(Study material)
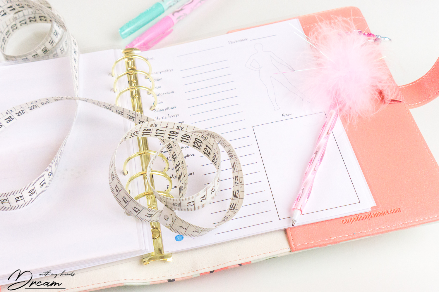 Mittoja jokainen ompelija joutuu ottamaan usein ja tässä mittataulukossa ne pysyvät kätevästi yhdessä paikassa. Näitäkin voi tulostaa vaikka jokaiselle perheenjäsenelle. Päivämäärätiedon avulla mitat pysyvät järjestyksessä.
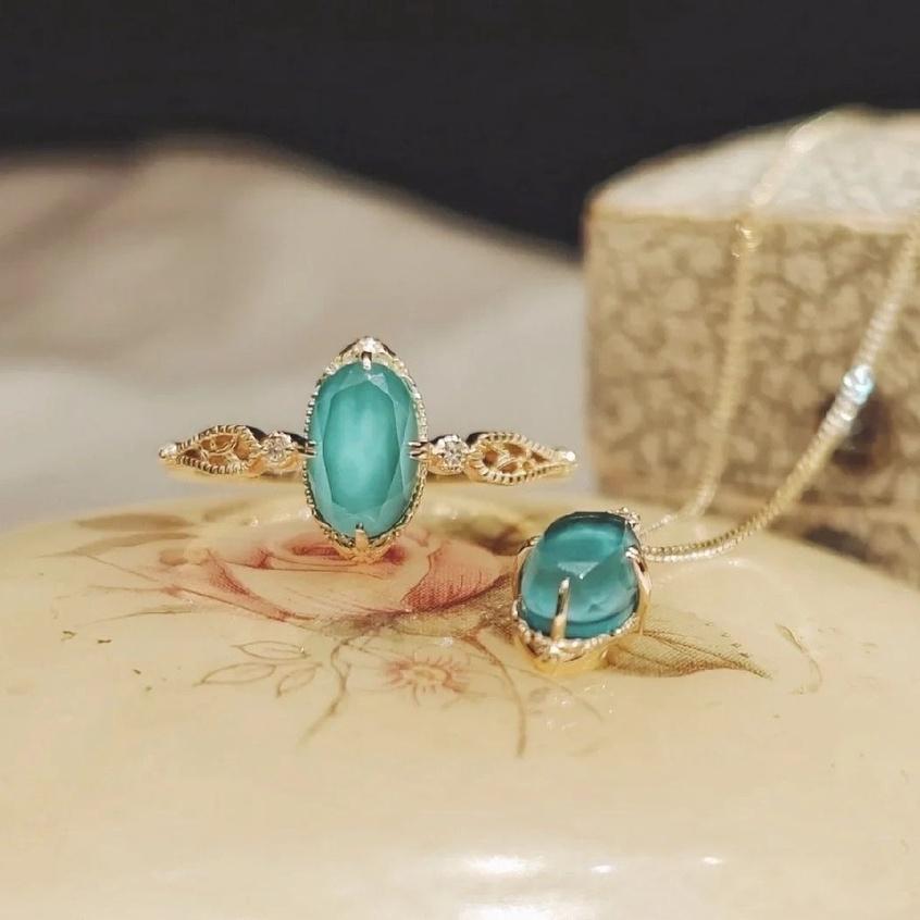 CEDONY | 日系氣質新款 夏季單品 天然綠松石拼石首飾套組 日本專櫃同款 | 項鍊 戒指 綠松石
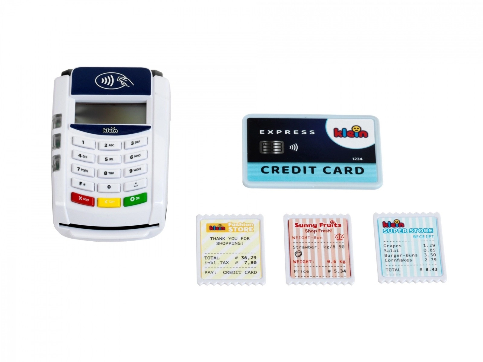 Descubre el divertido mundo de los pagos con el terminal infantil KLEIN, que imita fielmente un dispositivo real. Gracias a la tecnología sin contacto, los sonidos y los efectos luminosos, los niños podrán probar el papel de vendedor y cliente y aprender cómo se realiza una transacción de pago.
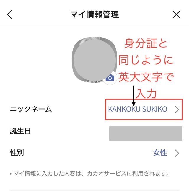 6.ニックネームを身分証明書と同じように英大文字で表記にする
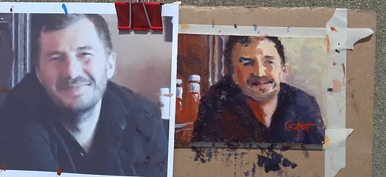 Ultramarijn en karmijn vormen een prachtige kleurenmix, maar ohhhh, die schildersezelfoto. Glanzend glanzende schittering.
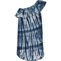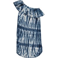Chadee is an asymmetrical dress in blue with a tie-dye print. The dress has a beautiful, slanted fit with a large ruffle collar.
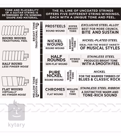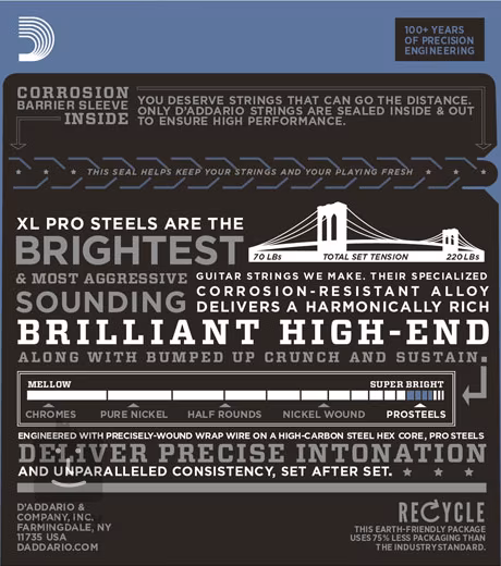 Struny na elektrickou kytaru D’addario XL ProSteels vám nabídnou výjimečně jasný a pronikavý zvuk, který se prosadí v jakémkoliv mixu. Jsou vyrobeny z unikátní, vysoce magnetické ocelové slitiny, která produkuje jasný, nakřáplý tón s dlouhým sustainem. Jejich základem je šestihranné ocelové jádro, které zajišťuje perfektní intonaci, dlouhou životnost a konzistentní pocit ze hry. Vinuté struny jsou potažené drátem z nerezové oceli, která perfektně spolupracuje s magnetickými snímači a poskytuje tak neuvěřitelně průrazný tón. Ideální na koncerty i do studia.
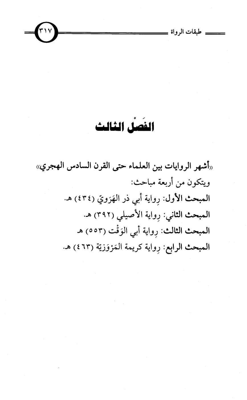 «أشهر الروايات بين العلماء حتى القرن السادس الهجري»
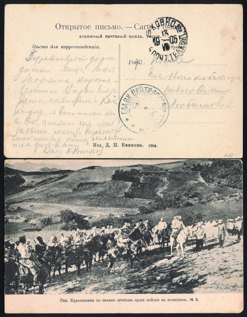 1905 (August 2) Field Post PC from Harbin to Kobho, tied by Harbin field post office cds, Kobho arrival cds alongside, fine.
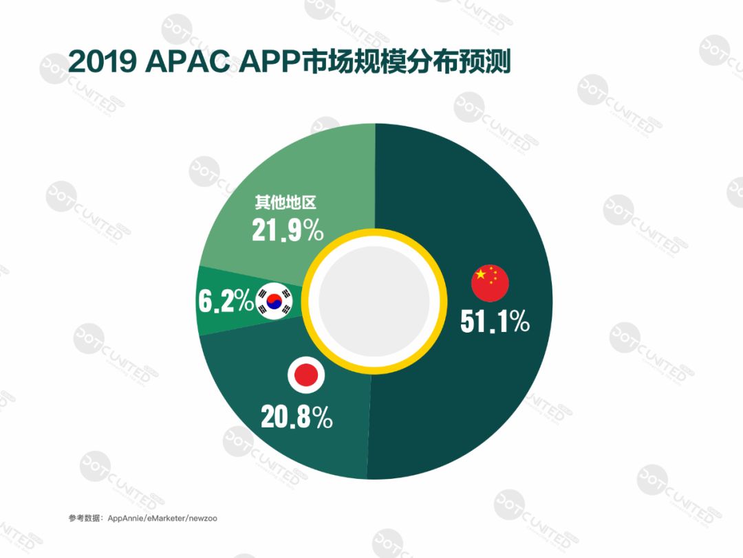 基于庞大的用户体量和日益提高的用户消费能力,在过去几年里,中国的应用市场一直保持强劲增长,在应用下载和消费者支出方面都领先全球。2019 年,中国将继续领跑亚太地区 APP 市场,市场规模占据整个亚太地区半壁江山。
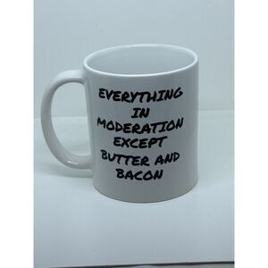 Description: Start your morning with a smile (and maybe some bacon!) with this "Everything in Moderation Except Butter and Bacon" ceramic coffee mug. A perfect gift for anyone who loves breakfast, bacon, and good humor, this mug brings personality to your morning routine. Durable and easy to clean, it's great for home, office, or kitchen display. Perfect for birthdays, holidays, or as a fun surprise for your favorite bacon lover or foodie friend. funny bacon mug, butter and bacon quote cup, bacon lover gift, breakfast coffee mug, foodie humor mug, kitchen decor gift, ceramic mug with quote, butter bacon coffee cup, novelty gift for men, bacon enthusiast present, farmhouse style mug, funny coffee cup, bacon breakfast gift idea, cook lover mug, chef humor drinkware. Notes: Thanks for your interest! Please see photos for measurements and additional details, and let us know if you have any questions. Shipping & Handling: Quick and careful shipping! We package items very carefully and ship daily. Discounted shipping on multiple items.
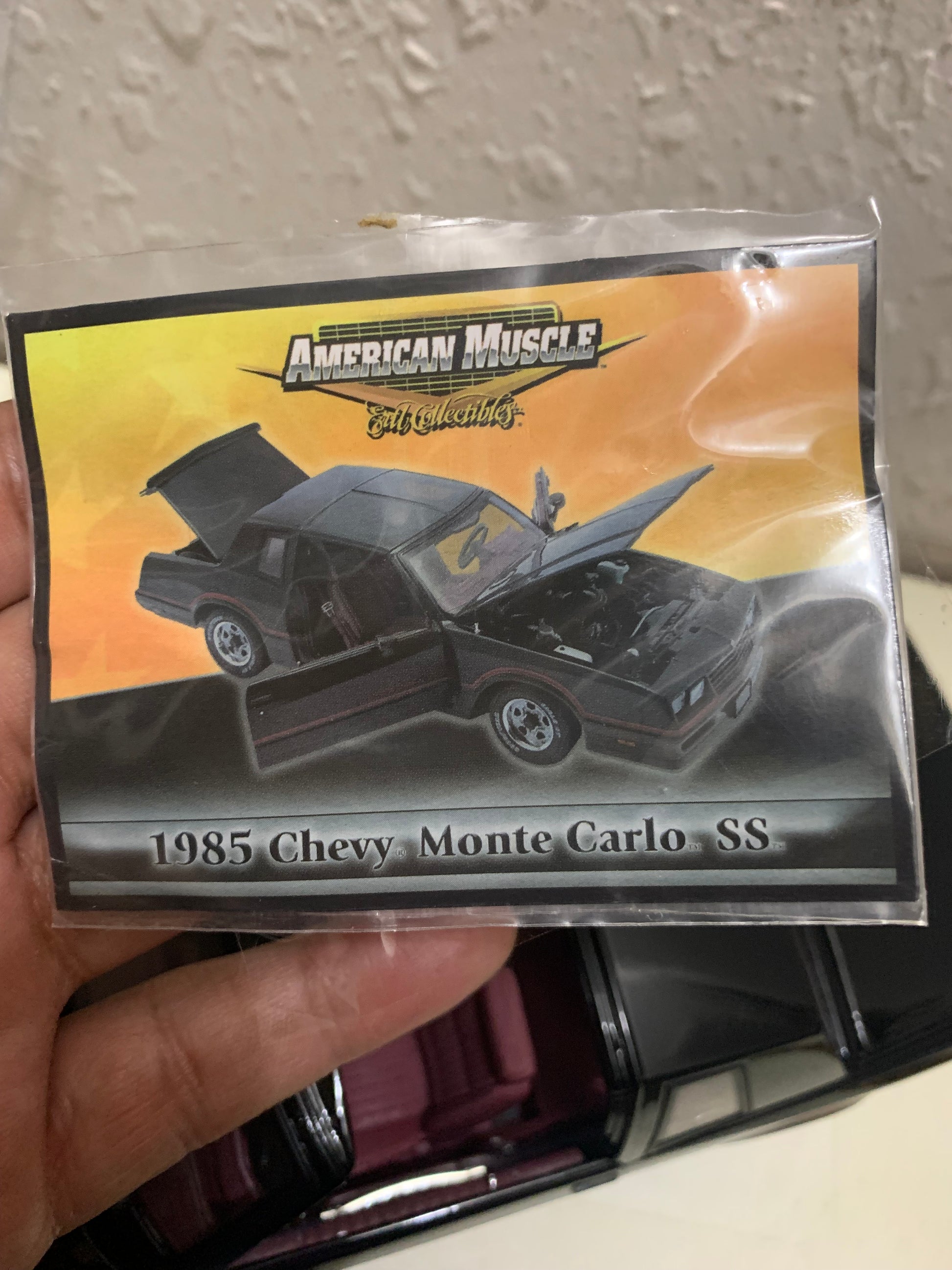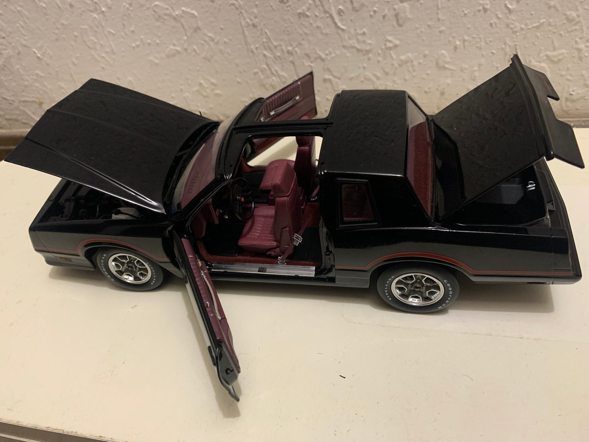1/18 scale American Muscle Authentics '85 Chevy MC SS t-top die-cast model car. Condition is used. This is NOT brand new in the box. I picked this car up a couple years ago to fully customize, paint, rims, interior, trunk audio etc but due to work I just don't have time to do all he builds I would like to as business and customers come first. I figured another fellow builder would appreciate the opportunity as these are getting harder to come by and demanding some steep prices. This one is not mint in a sealed box so I'm offering it for well below current market value. If you've been wanting one for your collection but for a cheaper price this is for you. If you're a flipper, this is a perfect car for you, great room for profit potential after some paint and rims or whatever you choose.
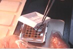 2 用Quick-Ray取樣器取出組織柱,放入預鑄蠟塊recipient block
(End Study material)
Please return exactly the lines above, from where the listing starts to the line holding "1905 (August 2)", inclusive, with the pictures omitted.

 Mittoja jokainen ompelija joutuu ottamaan usein ja tässä mittataulukossa ne pysyvät kätevästi yhdessä paikassa. Näitäkin voi tulostaa vaikka jokaiselle perheenjäsenelle. Päivämäärätiedon avulla mitat pysyvät järjestyksessä.
 CEDONY | 日系氣質新款 夏季單品 天然綠松石拼石首飾套組 日本專櫃同款 | 項鍊 戒指 綠松石
 Descubre el divertido mundo de los pagos con el terminal infantil KLEIN, que imita fielmente un dispositivo real. Gracias a la tecnología sin contacto, los sonidos y los efectos luminosos, los niños podrán probar el papel de vendedor y cliente y aprender cómo se realiza una transacción de pago.
 6.ニックネームを身分証明書と同じように英大文字で表記にする
 Ultramarijn en karmijn vormen een prachtige kleurenmix, maar ohhhh, die schildersezelfoto. Glanzend glanzende schittering.
Chadee is an asymmetrical dress in blue with a tie-dye print. The dress has a beautiful, slanted fit with a large ruffle collar.
 Struny na elektrickou kytaru D’addario XL ProSteels vám nabídnou výjimečně jasný a pronikavý zvuk, který se prosadí v jakémkoliv mixu. Jsou vyrobeny z unikátní, vysoce magnetické ocelové slitiny, která produkuje jasný, nakřáplý tón s dlouhým sustainem. Jejich základem je šestihranné ocelové jádro, které zajišťuje perfektní intonaci, dlouhou životnost a konzistentní pocit ze hry. Vinuté struny jsou potažené drátem z nerezové oceli, která perfektně spolupracuje s magnetickými snímači a poskytuje tak neuvěřitelně průrazný tón. Ideální na koncerty i do studia.
 «أشهر الروايات بين العلماء حتى القرن السادس الهجري»
 1905 (August 2) Field Post PC from Harbin to Kobho, tied by Harbin field post office cds, Kobho arrival cds alongside, fine.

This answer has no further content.